- Born: Zhou Weizheng February 18, 1992 (age 34) Beijing, China
- Education: University of Waterloo
- Occupation: CEO at Chalk.com

= William Zhou =

Canadian internet entrepreneur (born 1992)

William Zhou (Chinese: 周惟正; born February 18, 1992) is a Canadian internet entrepreneur. In 2012, Zhou co-founded Chalk.com, a K-12 education software company. He has appeared as a frequent commentator on major networks, a speaker at Bloomberg Next Big Thing Conference, and was named in Forbes 30 Under 30.

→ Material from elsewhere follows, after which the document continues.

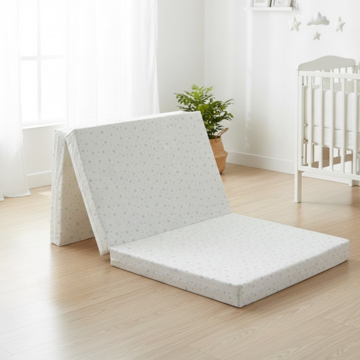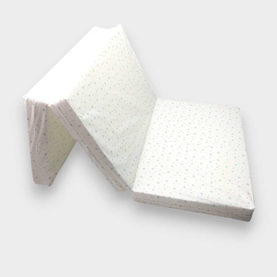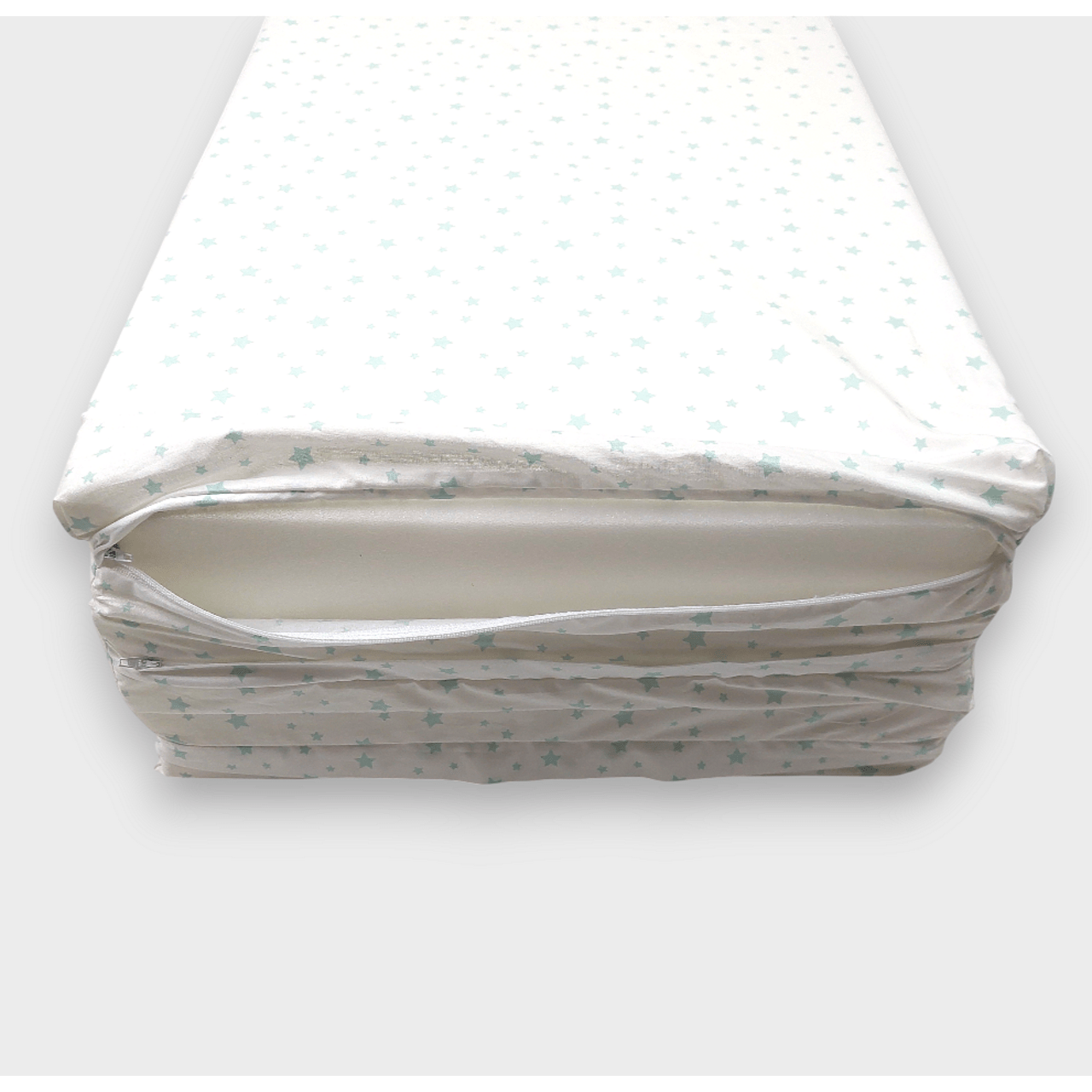 Бебешки сгъваем матрак Мента звезди е хипоалергичен и е изработен от 100% памучен ранфорс. Той има плътен пълнеж от мека пяна, за да може да се адаптира към тялото на бебетоСгъваемият му дизайн позволява да го взимате с вас по време на пътуване. Калъфа го прави лесен за поддръжка, тъй като може да е сваля с удобен цип.

== Early life and education ==
Zhou was born in Beijing, China and immigrated to Vancouver, British Columbia, Canada. He attributes his interest in computers to his parents. He graduated from Point Grey Secondary before attending David R. Cheriton School of Computer Science at University of Waterloo. He is known in high school for his work on an online student discussion forum and his commitment to the student body. At Waterloo, he co-founded Chalk.com (formerly known as Planboard). In 2015, Zhou was named in Forbes' Top 30 Under 30 in Education.

== Entrepreneur ==
Zhou first came to prominence as a young entrepreneur at the age of 16 with the founding of Design Vetica, a web consultancy with clients from University of British Columbia, Red Cross, and Amnesty International. The organization was best known for Draftboard, an online tool for designer and clients to collaborate. In 2011, Zhou sold Draftboard for an undisclosed amount.

== Chalk.com ==
Zhou received the inspiration for Chalk.com as he observed the administrative workload from his own high school teachers. He noticed that teachers are overwhelmed with tasks such as lesson planning, assessment, and evaluation. Zhou created Planboard to help teachers plan their lessons easier. Planboard received $25,000 from the University of Waterloo Velocity Venture Fund in 2012.

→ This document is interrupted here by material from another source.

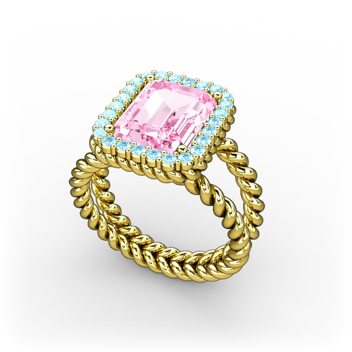 Pembe kuvars ve akuamarin 14 ayar altın yüzük

By mid-2013, Planboard had gained significant users. Zhou participated in the Lightspeed Ventures' Summer Fellowship. Planboard placed second in the Singapore Management University Lee Kuan Yew Global Business Plan Competition. Planboard also partnered with the Ontario Teachers' Federation to provide ready made lesson plan resources.

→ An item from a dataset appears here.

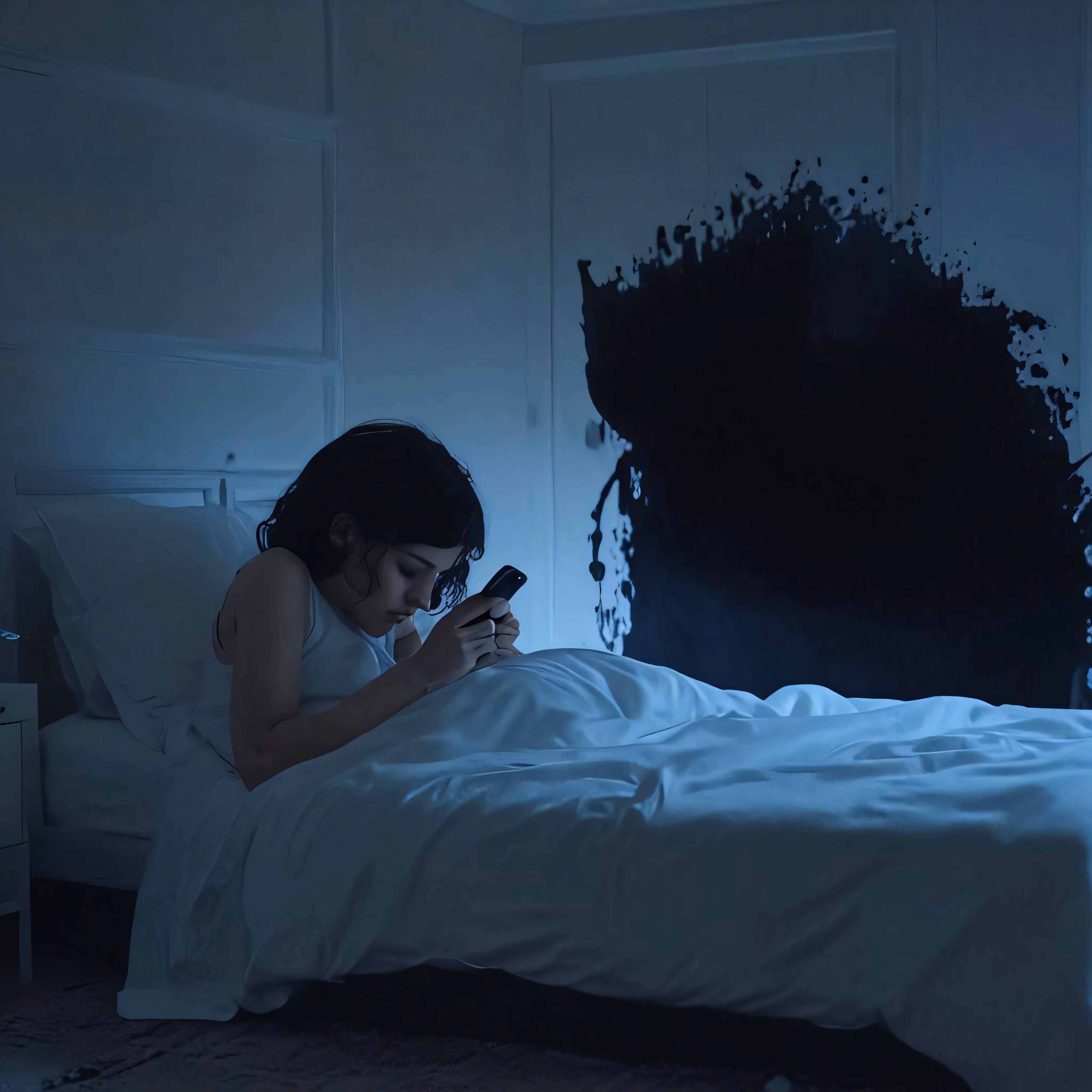 High resolution picture, free to use, a woman sitting in bed with a cell phone

In 2014, Chalk.com, the parent company of Planboard, expanded into assessment tools. Today, Chalk.com is used in over 20,000 schools and has over 200,000 teachers.

In 2017, Blackboard Inc. and Chalk.com announced a partnership to deliver a best-in-class digital gradebook and portfolio for K-12 educators. The offering will provide teachers and parents with insights into student performance.